Matěj Štágl

Posted on Oct 28

Building Autonomous AI Agents in C#: Tips from Real-World Applications

#agents #architecture #ai #csharp

Building Autonomous AI Agents in C#: Tips from Real-World Applications

When I first started building autonomous AI agents, I made the classic mistake: I thought the challenge was just picking the right LLM. Three production deployments later, I learned the hard truth—orchestration, memory management, and failure recovery are what separate demos from systems that actually ship.

After working with several C# AI agent implementations in production, I've seen what works and what doesn't.
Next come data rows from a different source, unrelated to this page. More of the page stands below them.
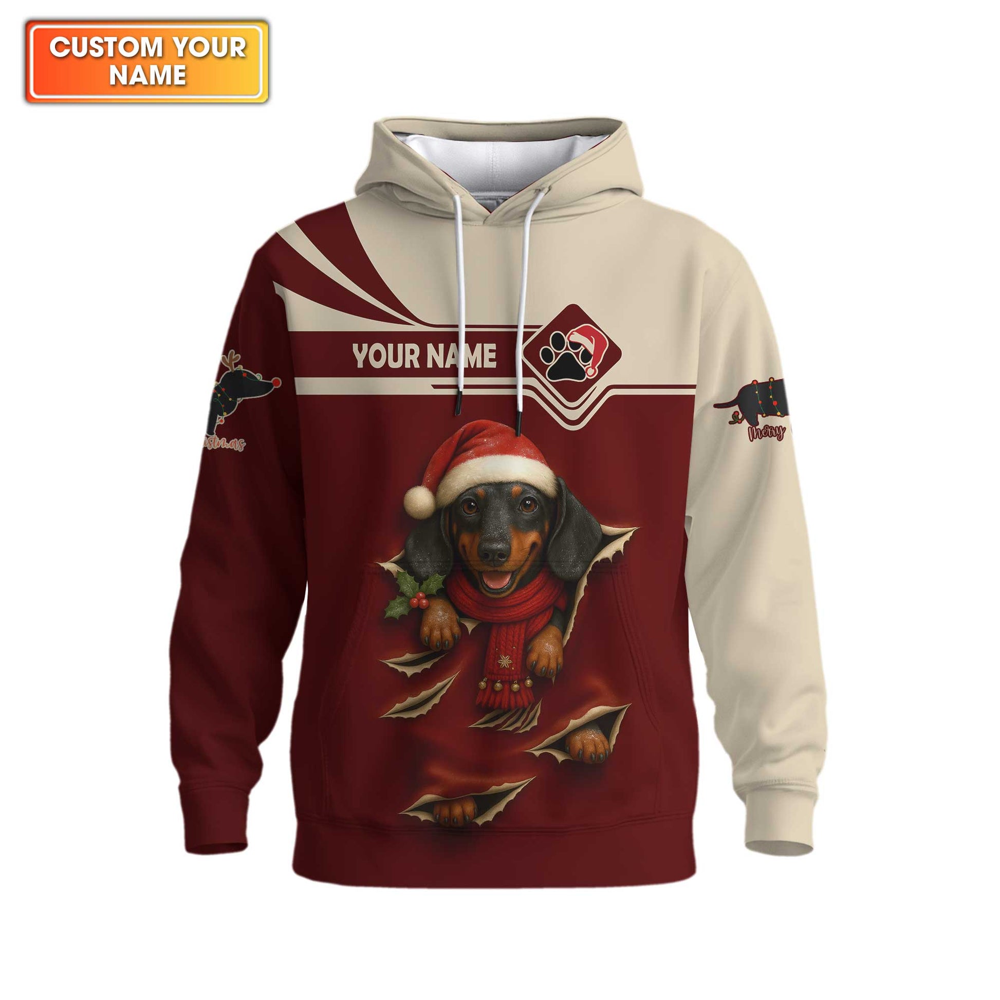 Festive Dachshund Breakthrough Hoodie, Personalized Dachshund Shirt, Wiener Dog T Shirt
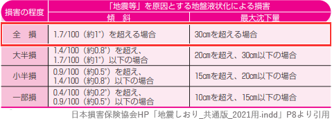- 適切。地震等を原因とする地盤液状化による損害の認定基準は、建物の区分と、地盤液状化による建物の「傾斜」または「最大沈下量」によって決まります。木造建物(在来軸組工法)の場合、最大沈下量が30㎝を超えるもしくは傾斜が100分の1.7(約1度)を超えるとき、全損と認定されます。
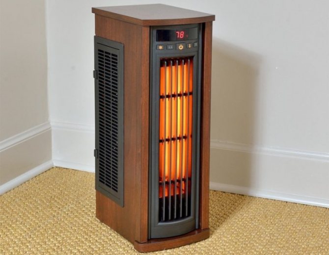 - Преносими инфрачервени отоплителни устройства на открито. Те могат да се носят навсякъде в стаята или дома. За разлика от предишните видове, подовите нагреватели заемат допълнително подово пространство. Изработени под формата на лампи или панели, те се окомплектоват със специални стойки под формата на стативи или крачета на стойката за стабилно положение. Почти всички подови уреди имат вградени сензори за аварийно изключване в случай на преобръщане. Но не всички подови модели са оборудвани с термостати.
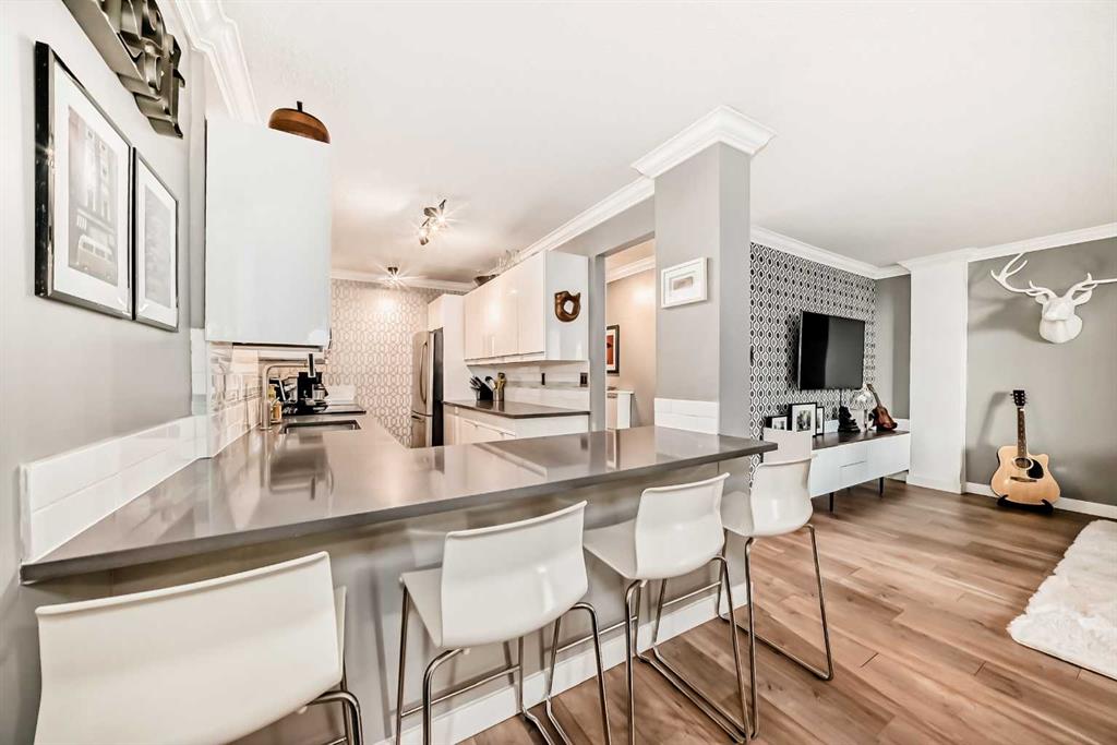 Come see this home for yourself....THIS weekend: OPEN HOUSE: Saturday Jan 10th: 11 am – 3 pm! Welcome home. Walking through the front door of your new home will check every box on your list including it being FULLY UPDATED, a Sunny South Exposure, and situated in the most walkable neighbourhood in Calgary with a walkability score of 99/100! Proudly presenting to you: Manor House – this well-cared for, quiet CONCRETE complex – where your affordable condo fees include all utilities (yes....even electricity!). This SPECTACULAR 2-bedroom home has been transformed and modernized, in the desirable Beltline neighbourhood – just steps away from all the action! Inside you will instantly appreciate the new elegant luxury vinyl plank flooring throughout the home which matches the modern décor throughout. The home features exceptional updates and upgrades throughout, which start out in the striking kitchen. The kitchen (like the entire home) has been completely renovated, highlighted by ALL new cabinetry and stunning Quartz gun metal grey countertops, with undermount sink. Counter level seating awaits, perfect for visiting with friends and family as you entertain from your exquisite gourmet kitchen. Updated SS appliances can’t wait to be used by you! There is ample space for a deep freeze IN your kitchen, without losing any counter or cupboard space, tucked away under the counter! Just off the kitchen is a large dining room, which can easily host a large dining table, perfect for making memories with friends and family. This home features beautiful crown moulding throughout; as well as beautifully updated lighting throughout. The large stunning living room is an exceptional space, large enough to accommodate all your furniture, providing plenty of space to relax or provide the ideal space to entertain! The tour continues with 2 large closets in the hall, and an updated & stunning 4-pc bathroom. The Primary bedroom is one of the largest you will find – hosting a King size bed, dresser and nightstands with ease, while still allowing for ample space leftover. The Primary closet features custom built-ins, easily organizing your wardrobe. The secondary bedroom is of excellent size and is the ideal place to host your home office, guest bedroom or use as a Yoga space! Newly updated vinyl windows allow your home to be energy efficient year-round! The large (11.5x 5 ft) balcony is ready for your enjoyment – offering endless sunshine with a sunny south facing view, perfect to enjoy in the warmer months! There is FREE laundry located on every floor of this superb building. Your new home comes with one assigned secure parking stall + additional storage locker for your items you don’t use every day. There is so much to love about this unique home including its location! You can walk or bike easily to work, and take in and enjoy the multitude of local shops, restaurants, pubs, grocery stores, and so much more!
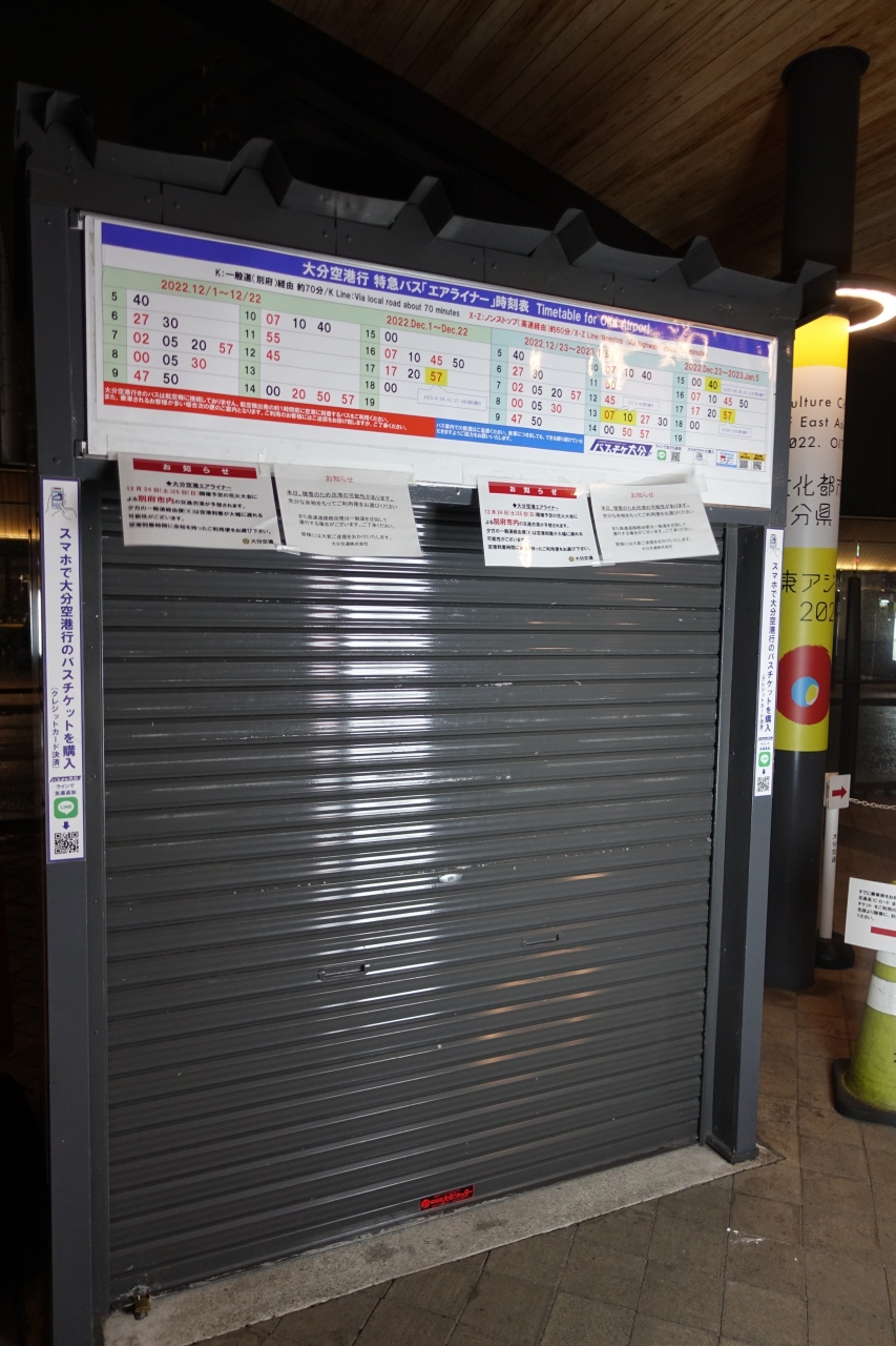5時40分のバスに乗るために5時20分に到着しましたが券売機のシャッターが下りたまま。
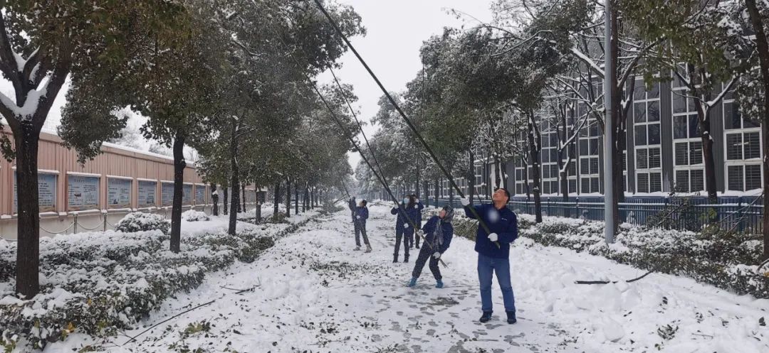清晨的氣溫在零下4度左右,寒意刺骨。但大家不懼嚴寒,手握鐵鍬,高舉竹竿,竭盡全力清除積雪。
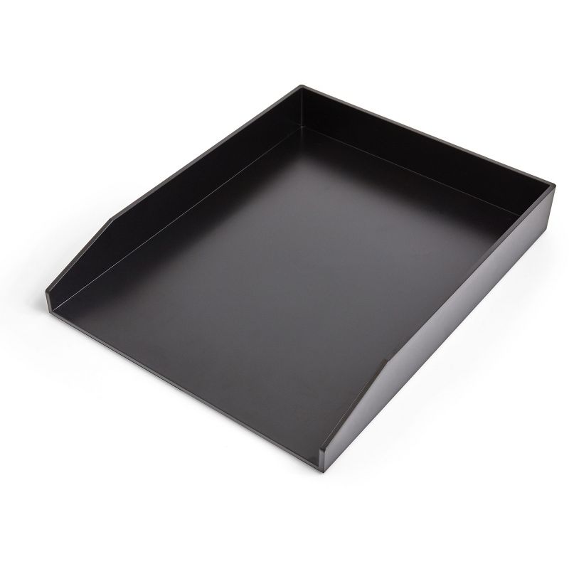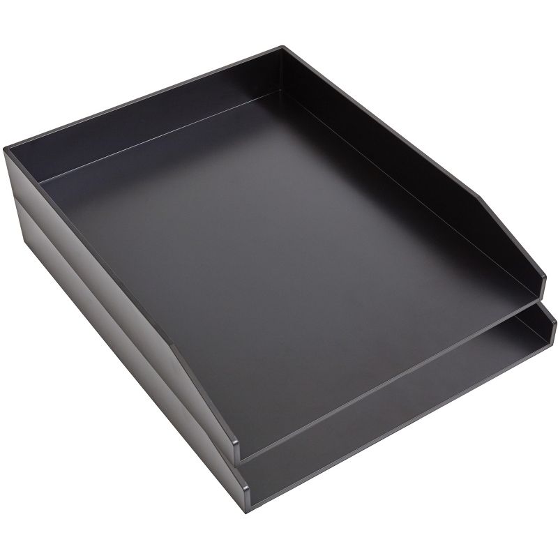 Eliminate paper clutter in your workspace with this 2-pack of black front-load letter trays. Take a simple yet inspired approach to desktop organization with these letter trays. The stacking design lets you create a personalized paperwork storage system, and the sleek black hue brings a modern look to your office. These black front-load letter trays hold up to 200 sheets of paper, so you can keep forms, contracts, and loose pages in one central location. Stackable front load letter tray helps keep your desk and papers organized. Black matte finish plastic letter tray holds up to 200 sheets without bowing. Use stand alone or mix and match with other pieces. Each tray measures 12.24"L x 9.8"W x 1.75"H and holds up to letter sized paper. Comes with 2 letter trays. Create a custom, tiered desk organizer when stacked with other desk accessories. Stackable front load letter tray helps keep your desk and papers organized. Black matte finish plastic letter tray holds up to 200 sheets without bowing. Use stand alone or mix and match with other pieces. Each tray measures 12.24"L x 9.8"W x 1.75"H and holds up to letter sized paper. Comes with 2 letter trays. Create a custom, tiered desk organizer when stacked with other desk accessories. Sold As 2/Pack.
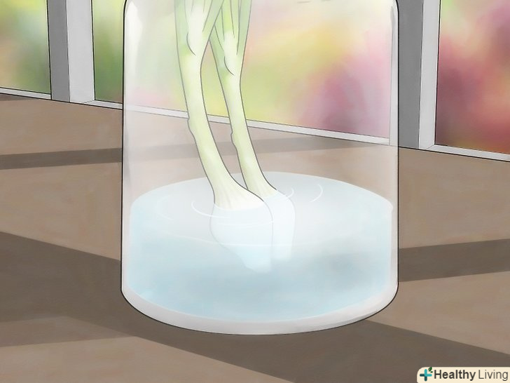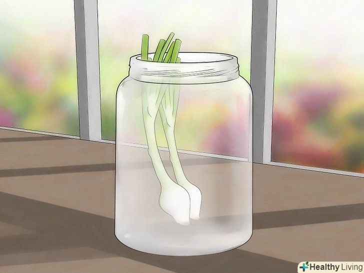Покладіть їх корінням вниз в скляну банку. будь-який тип чистих скляних банок підійде. Просто переконайтеся, що скло чисте, а не кольорове, щоб сонячні промені могли легко дістатися до лука всередині. Покладіть всередину стільки зеленої цибулі, скільки хочете – тільки переконайтеся, що коріння звернені вниз, так, щоб зелень виросла з банки.- Не використовуйте пластиковий стаканчик, так як пластик може проникати в воду і впливати на смак цибулі.
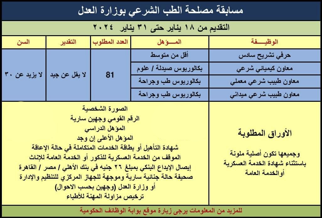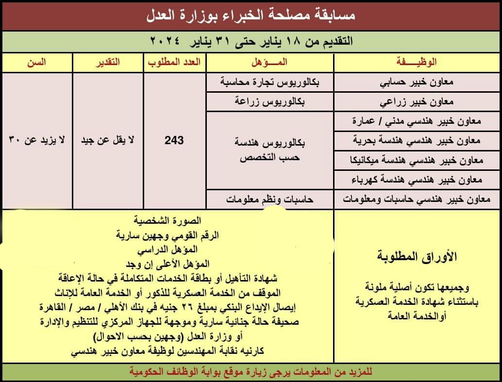 أعلنت مصلحة الخبراء بوزارة العدل عن حاجتها لعدد من الوظائف الحكومية بعدة قطاعات مختلفة، لحملة المؤهلات العليا والمتوسطة وبدون مؤهلات، وكانت الوظائف المعلن عنها بوزارة العدل علي النحو التالي:

Let me share some patterns that might save you the debugging nightmares I went through.

The Real Challenge: Orchestration, Not Just Inference

Companies like H&M and JPMorgan Chase have deployed autonomous AI agents to improve efficiency in customer service and contract reviews. But here's what the case studies don't tell you: the agents that succeed in production aren't just fancy chatbots—they're carefully orchestrated workflows.

Recent research on AI agent development shows a clear trend toward modular, multi-agent architectures. The days of monolithic AI systems are over. Modern autonomous agents need to coordinate multiple specialized sub-agents, each handling specific tasks while maintaining a coherent overall workflow.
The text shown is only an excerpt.